In 2009, Rosenberg jumped to competitor WQAM-560 AM (replacing Neil Rogers middays and Jim Mandich on the Miami Dolphins post-game show), but was fired in 2012 after a DUI arrest in Hollywood.

Courtesy Broward County Jail

The Broward-Palm Beach New Times reported,

“According to police, Rosenberg — the WQAM-AM (560) host whose license hath been suspended thrice — was really, really drunk when he said he was on his way home from Tootsie’s Cabaret, the Miami Gardens full-nudity strip club. … Two Hollywood police officers found Rosenberg sitting in the driver’s seat of his 2011 GMC Yukon — the driver’s side door was open, and the engine was running. Oh, and he was parked in the middle of 63rd Avenue. They called a third officer, Jon Cooke, who ended up writing the police report.”

Then scroll through and read details from the Booking Report.
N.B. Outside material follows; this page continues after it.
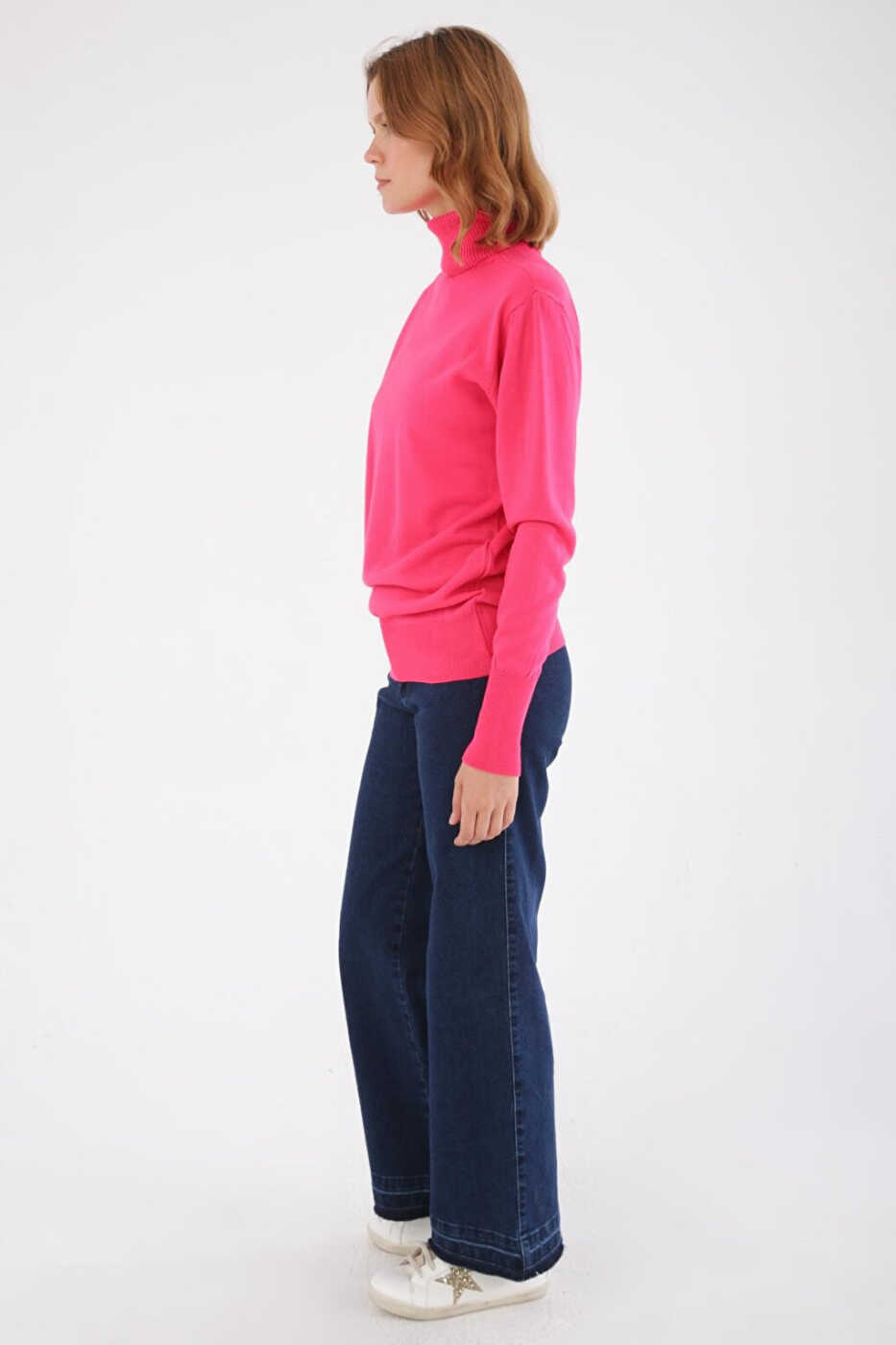 Combining style and comfort, the Fuchsia Fisherman Neck Short Knit Sweater will be an indispensable piece in your wardrobe. The sweater, which stands out with its vibrant fuchsia color, offers a modern style with its fisherman neck detail and short body. Made of soft and warm knit fabric, the sweater provides comfortable use throughout the day. This sweater, which can be easily combined with any type of bottom wear, will make you look stylish and chic in your daily life.

Booking report from Broward-Palm Beach New Times reporter Rich Abdill via Broward Sheriff’s Office

“When I arrived, I discovered the arrestee laying on the ground behind his vehicle. He was in the fetal position, with his fingers in his mouth. He appeared to be attempting to induce himself to vomit. I noticed vomit on his clothes, as well as inside and next to the driver door of his vehicle. I noticed a strong odor of an alcoholic beverage emanating from his breath and person. His speech was extremely slurred and he was crying. His face was flushed and his eyes were bloodshot.”

He was also charged with driving with a suspended license. It was his first offense on each count.
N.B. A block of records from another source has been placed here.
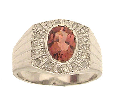 GENTLEMAN'S 2CT TOURMALINE RING: 14k white gold mounting bezel set with an oval pink tourmaline and approx. .20ctw of pave set diamonds, size 10, 7.3 grams. Est. $250/350**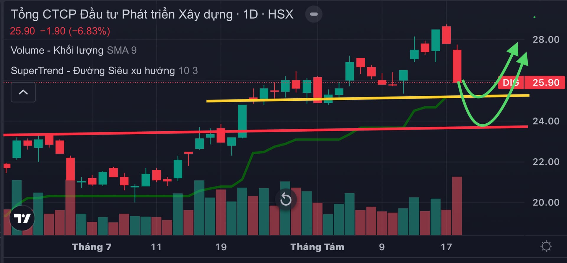 24 là mốc kháng cự khá mạnh của Dig, theo thị trường hiện tại thì thị trường vẫn sàn hàng loạt, khả năng vào phiên ngày t3 mới có đảo chiều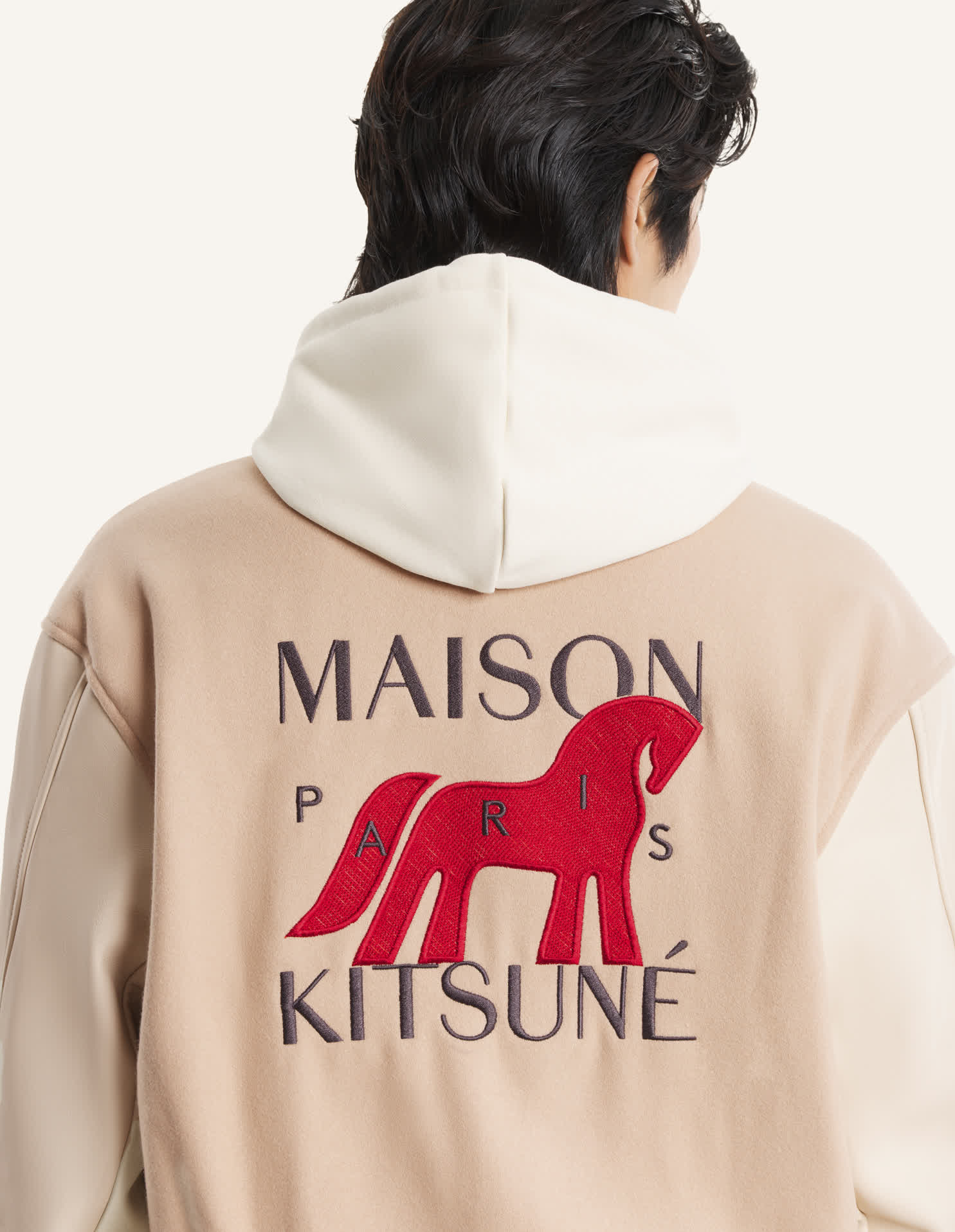 Maison Kitsuné為新春造型帶來法式優雅,推出以精緻「文趣馬駒」為主題的限定系列,設計靈感源自2026春夏的「藝趣狐狸」意象 ,系列採用淡雅米色為主調,並巧妙加入節慶紅色皮革細節與經典狐狸頭標誌,演繹現代節日美學 。設計以靈動的筆觸勾勒動物剪影,並以生動的字符作裝飾,將新春氣息融入法式文藝格調之中,使歡愉的圖案活現於服飾之上,點亮新春氣氛。系列涵蓋短袖T恤、連帽衛衣、針織開襟衫及學院風外套等經典款式,同時提供Tote Bag等實用配飾,為新春衣櫥提供多元化的服飾選擇。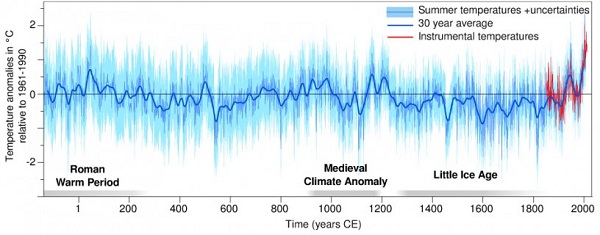 Scientists have done a careful reconstruction of Europe’s temperatures back to 138 BC. This is what they came up with: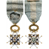 Officer`s Cross, 1819-1838, 1st Type, 4th Class, instituted in 1771. Breast Badge, 56x37 mm, GOLD, 12.9 g., both sides enameled, both central medallions GOLD, enameled, original suspension ring and ribbon with rosette. A very rare early model, of superb quality! I RR!

That’s when he ended up at Palm Beach sports radio station WMEN-640 AM.

Rosenberg stayed until becoming co-host of The Bernie and Sid Show on — you guessed it — WABC-AM! That was in January, 2016. In November, he replaced the fired Wolf on Imus.

But last month, Imus announced the show would air its final episode on March 29.

What a crazy business! It has to be, with such crazy people.